PROVIDED RECORDS:
--- --- ---
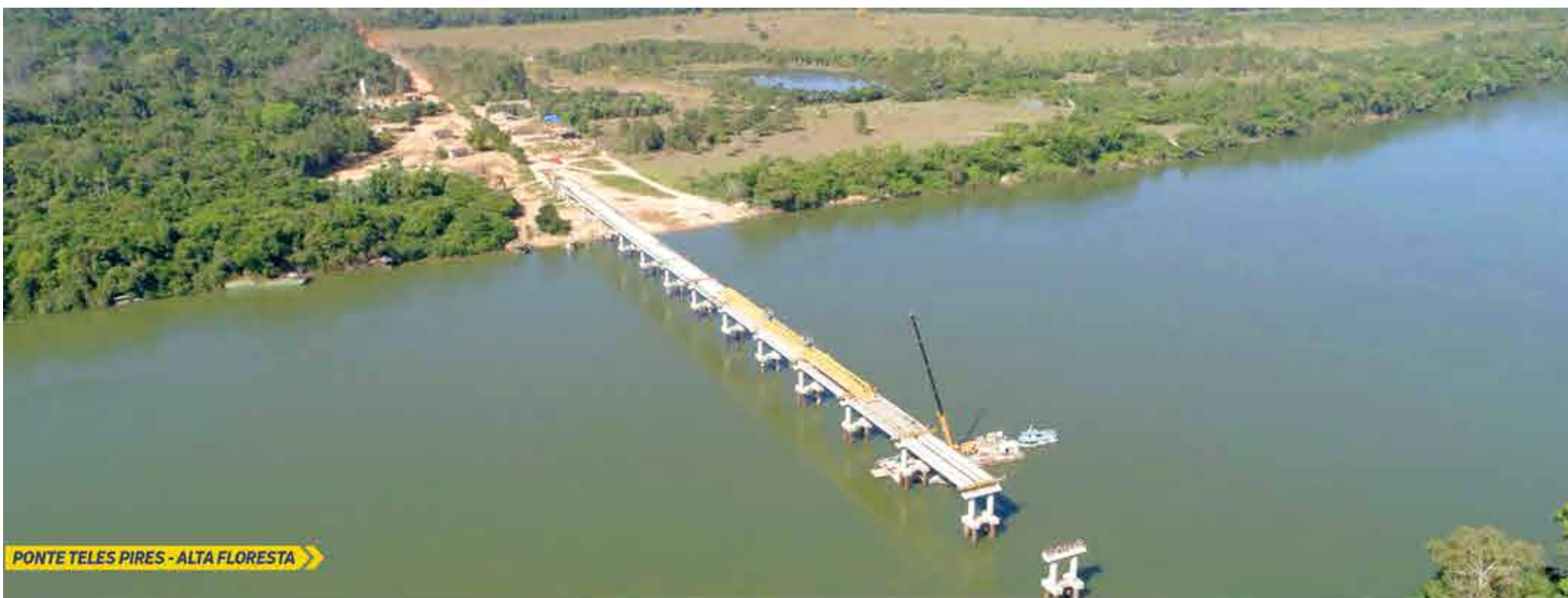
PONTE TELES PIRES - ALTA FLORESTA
--- --- ---
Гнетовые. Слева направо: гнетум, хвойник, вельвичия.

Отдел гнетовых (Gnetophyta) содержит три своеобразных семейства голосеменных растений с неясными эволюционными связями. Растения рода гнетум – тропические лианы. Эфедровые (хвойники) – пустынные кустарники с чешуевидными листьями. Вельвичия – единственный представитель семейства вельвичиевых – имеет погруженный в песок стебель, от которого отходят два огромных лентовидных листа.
--- --- ---
WORK ORDER:
Search each line of the data above for "гнетум", and copy the lines where it occurs.

TASK RESPONSE:
Гнетовые. Слева направо: гнетум, хвойник, вельвичия.
Отдел гнетовых (Gnetophyta) содержит три своеобразных семейства голосеменных растений с неясными эволюционными связями. Растения рода гнетум – тропические лианы. Эфедровые (хвойники) – пустынные кустарники с чешуевидными листьями. Вельвичия – единственный представитель семейства вельвичиевых – имеет погруженный в песок стебель, от которого отходят два огромных лентовидных листа.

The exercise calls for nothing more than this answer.